I think, going forward, I’m going to try to strike a better balance between writing about things I’m passionate about, and writing in a way that will pique people’s interest and perhaps help them share in my passion. That’s my takeaway. I hope you all can forgive my little experiment, and I hope it leads to a productive discussion :)

P.S. I just wanted to say: I was on the receiving end of a lot of nastiness and pettiness. The exact behaviour I called out in my recent post on comment etiquette8. But I also saw a lot of people coming to my defense. People insisting on grace and compassion even in the face of something they disagreed with. I’d just like to say thank you to those people. You are the reason I read Hacker News, and I strive to be more like you.9

Footnotes

  1. Caveat Lector - A Generic List of Caveats For Any Essay or Article

  2. Stoicism is Weird

  3. Stop Naming Adages After People and Calling Them Laws for example.

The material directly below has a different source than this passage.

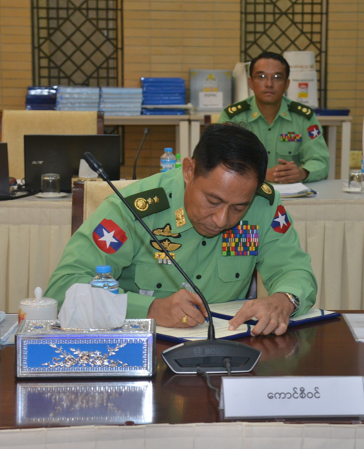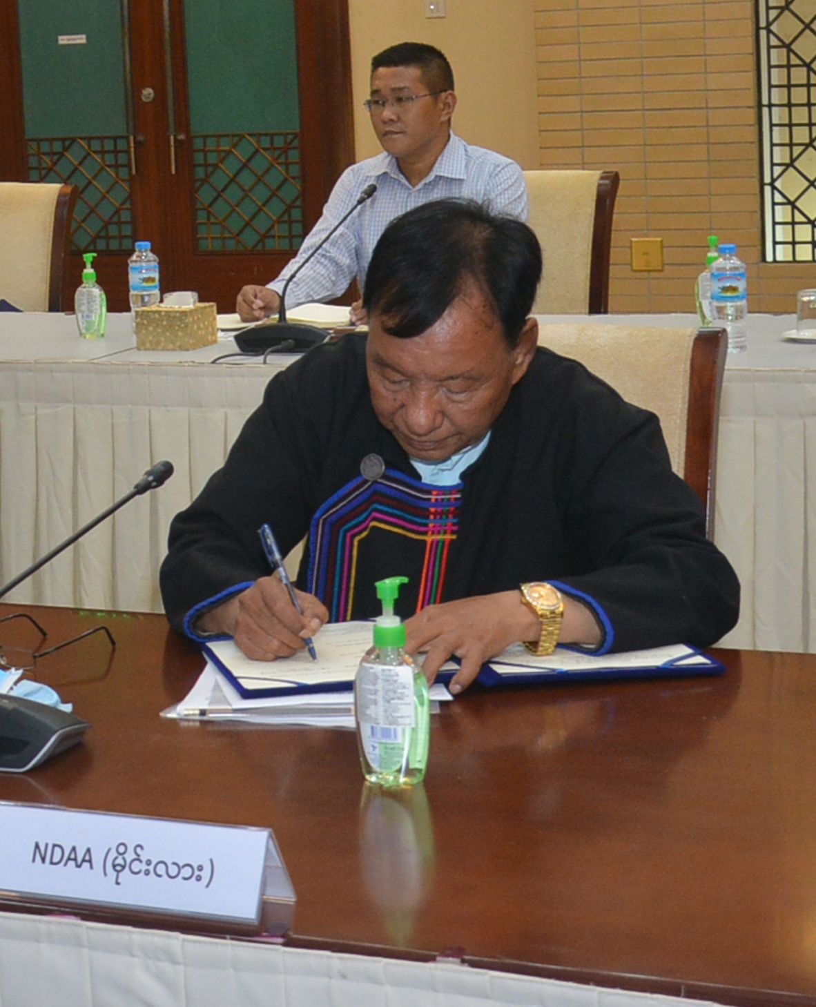 နိုင်ငံတော်၏ငြိမ်းချမ်းရေးဆွေးနွေးရေးအဖွဲ့နှင့် အမျိုးသားဒီမိုကရက်တစ်မဟာမိတ်အဖွဲ့ NDAA (မိုင်းလား) ဒုတိယဥက္ကဋ္ဌဦးဆောင်သောကိုယ်စားလှယ်အဖွဲ့တို့ တွေ့ဆုံဆွေးနွေးပွဲ ဒုတိယနေ့ကို ယနေ့နံနက်ပိုင်းတွင် နေပြည်တော်ရှိ အမျိုးသားစည်းလုံးညီညွတ်ရေးနှင့် ငြိမ်းချမ်းရေးဖော်ဆောင်မှုဗဟိုဌာန အစည်းအဝေး ခန်းမ၌ ကျင်းပသည်။

  4. Though I expect now everyone will say they knew all along and it was obvious!

  5. I don’t feel the need to defend the quality of my career other than to say that I am happy with my current job, I feel like I am not stagnating as a developer, and I am not currently looking for anything better.

  6. Why you secretly found Crime and Punishment boring

  7. Or 5%. I have historically tried to make my titles attention-grabbing, at least as best as I could given the subject matter.

  8. Caveat Lector - A Generic List of Caveats For Any Essay or Article. This is now linked at the top of each of my posts, not that I think it will actually help with the comments I receive. It’s more of a statement of my commitment to productive discourse.

  9. I usually don’t comment much because of fear of negativity, but I will at least try to upvote things I see as charitable. And who knows, maybe I’ll get over that fear with time.